Nothing that I have said today is new. These stories have been splashed over front pages and broadcast on television news. Shame, it seems, is not a greater motivator than profit margin. Sunlight is not disinfecting. Legislation based on transparency and reporting alone is not getting the job done. Other nations in the European economic area have gone further than us by requiring companies to conduct human rights due diligence on their supply chains. I ask the Minister whether it is time to introduce UK legislation that emulates the Uyghur Forced Labor Prevention Act, which was signed into law by President Biden and which creates a presumption that any goods manufactured wholly or in part in the Uyghur region should be assumed to be the product of forced labour unless clear and convincing evidence proves otherwise.

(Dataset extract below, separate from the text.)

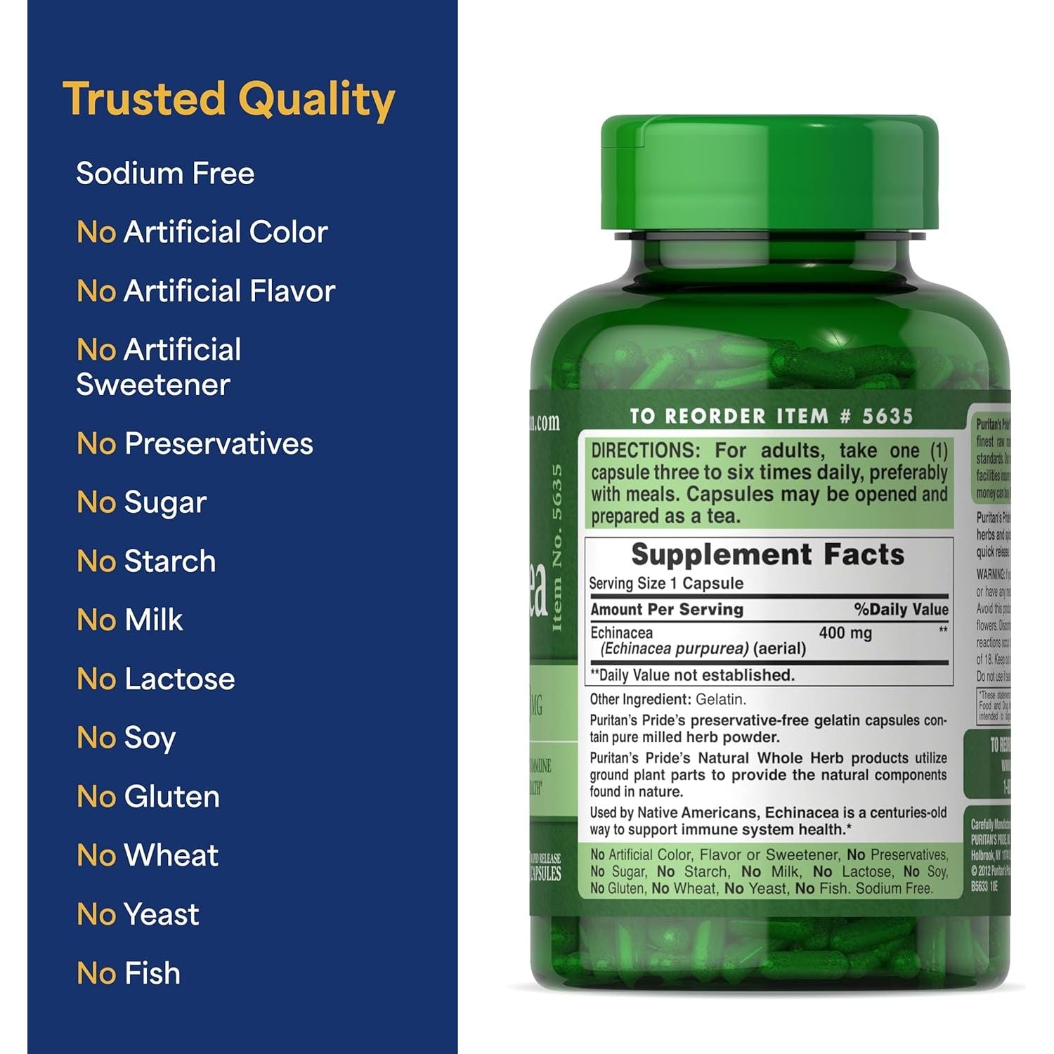 - NATURAL WHOLE HERB: Crafted with natural Echinacea, this supplement is free from artificial colors, flavors, and sweeteners*

I recognise that supply chains can be difficult to unravel and that exports often pass through multiple companies on their way into our economy. However, there is a direct freight flight from the Uyghur capital Ürümqi to Bournemouth that brings goods from the epicentre of forced labour in China. Yesterday, a flight from Ürümqi arrived just before 7 pm; another will arrive on Friday, and another on Sunday. That will continue week after week. This is not opaque or convoluted: it is a clear and obvious route and there is a significant risk that those flights will contain goods compromised by Muslim slave labour. I ask the Minister whether import inspections have been or can be carried out on the goods arriving on the freight flight to Bournemouth from Ürümqi.
After the results of yesterday’s election in the United States, there will be much debate about the state of the global struggle between autocracies and democracies and between strongmen and human rights. As we look for a policy response, we can begin by ensuring that our own economies are not funding the worst excesses of such regimes.